Abstract
This paper describes an investigation of the surfaces of scandate cathodes that exhibited good emission characteristics during close-spaced diode testing. Morphological evaluation with electron microscopy showed that micron-sized tungsten particles constituting the cathode surface are faceted and decorated with nanoscale Ba/BaO dots, along with larger Sc2O3 and BaAl2O4 particles. The facets of tungsten grains were determined to be {100}, {110} and {112}, based on Wulff analysis of the tungsten crystal shape. Moreover, {112} facets are prevalent in the Wulff shape, which agrees with the experimentally observed facet surface areas.
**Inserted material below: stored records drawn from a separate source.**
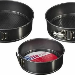 De springvormen zijn voorzien van een PFOA vrije anti-aanbaklaag waardoor de levensduur wordt verlengt. De set bevat bevat 3 springvormen met de maten 20, 22 en 24 centimeter in doorsnede.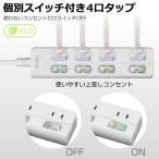 エルパ (ELPA) スイッチ付タップ コンセント 延長コード LED 上差し 4個口 3m W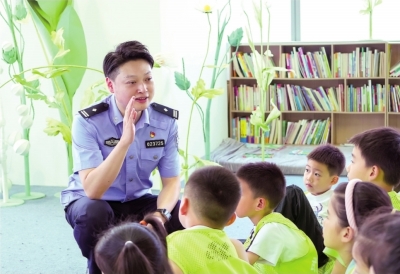 武漢市公安局江岸區分局刑事偵查大隊民警潘黎走進暑托班,為孩子們講授反詐和安全知識。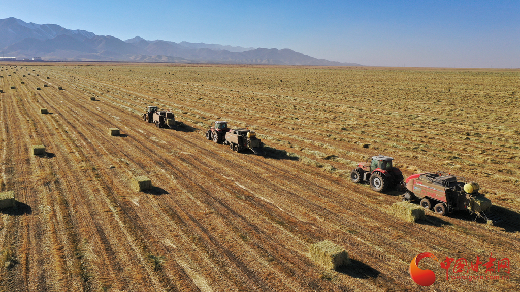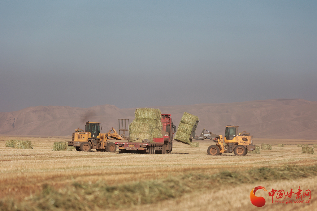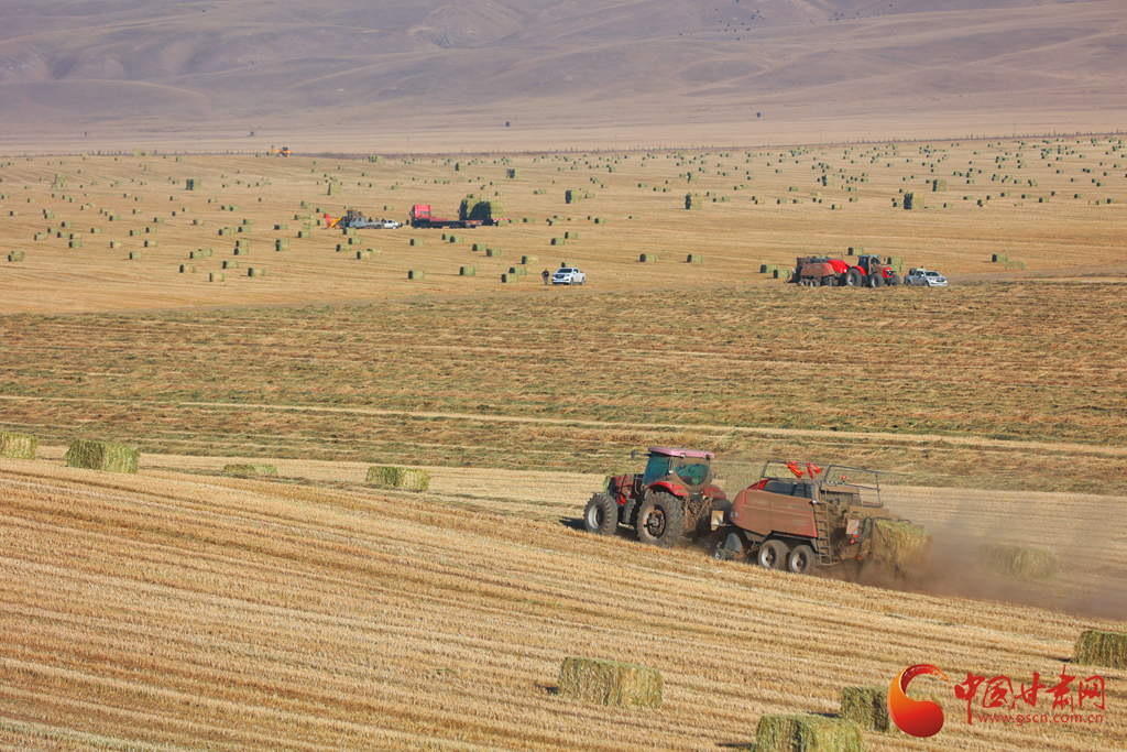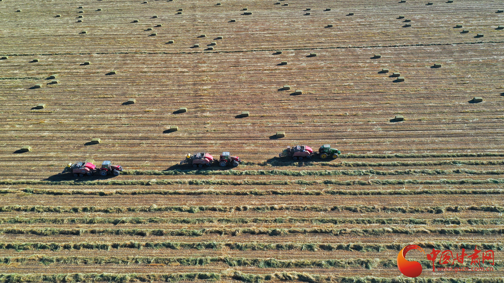 11月9日,甘肅山丹馬場正在對此前收割晾曬的21萬畝燕麥草打包運輸,一輛輛大型農(nóng)用機械穿梭田間忙碌作業(yè)。
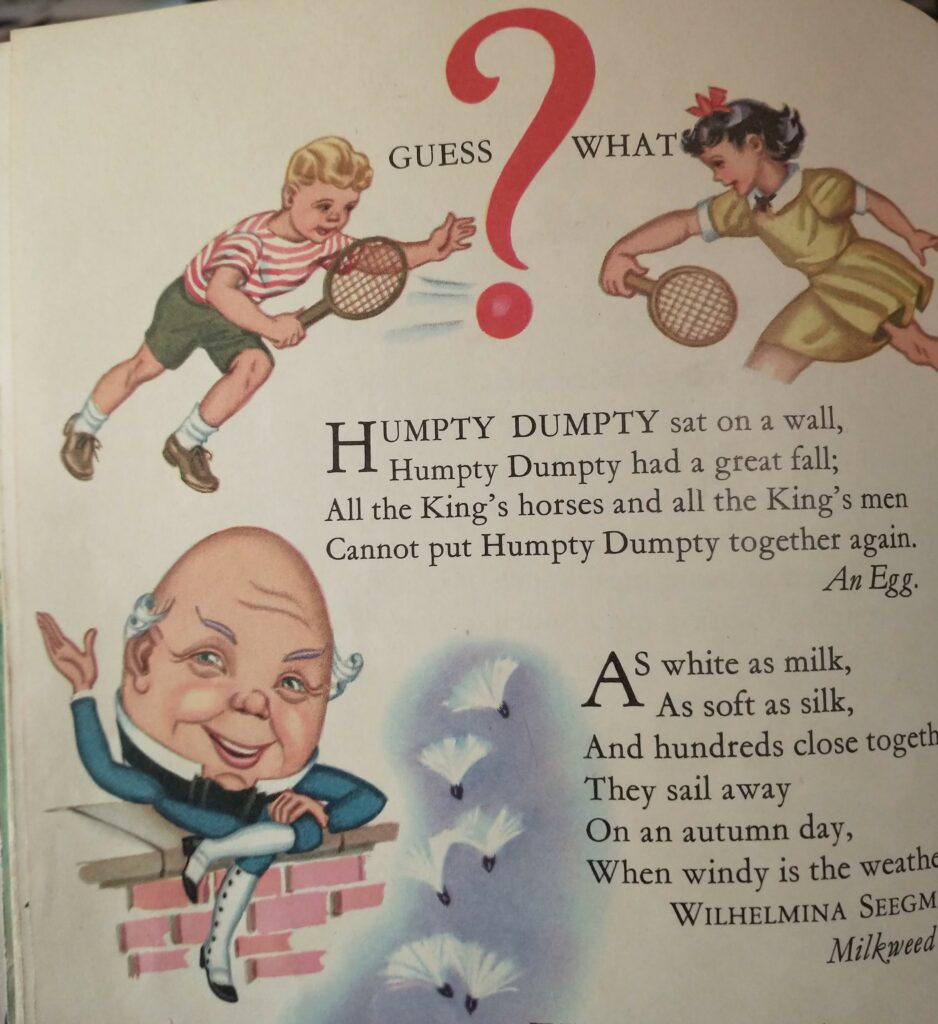 There are a variety of explanations offered up as to the meaning of this rhyme, it’s a drink of brandy boiled with ale (sounds awful), a short and clumsy figure, or various persons, but the true origins are unknown. The real mystery is how the King’s horses were expected to do the job.

A hypothesis is proposed to account for the amount of metallic Ba that covers the cathode surface at operating temperatures, and which transforms during cooling of the cathode after emission testing, to form nanoscale hemispherical particles that oxidize upon air exposure. According to computation, the coverage of Ba atoms during cathode operation corresponds to 0.5 (+0.05/−0.12) monolayer, which represents full coverage of the available tungsten surface. This investigation using a range of materials characterization techniques has provided a picture of the structure and composition of scandate cathode surfaces. It is noted that these results do not support the existence of a Ba-Sc-O layer occupying the top 10–100 nm of tungsten grain surfaces.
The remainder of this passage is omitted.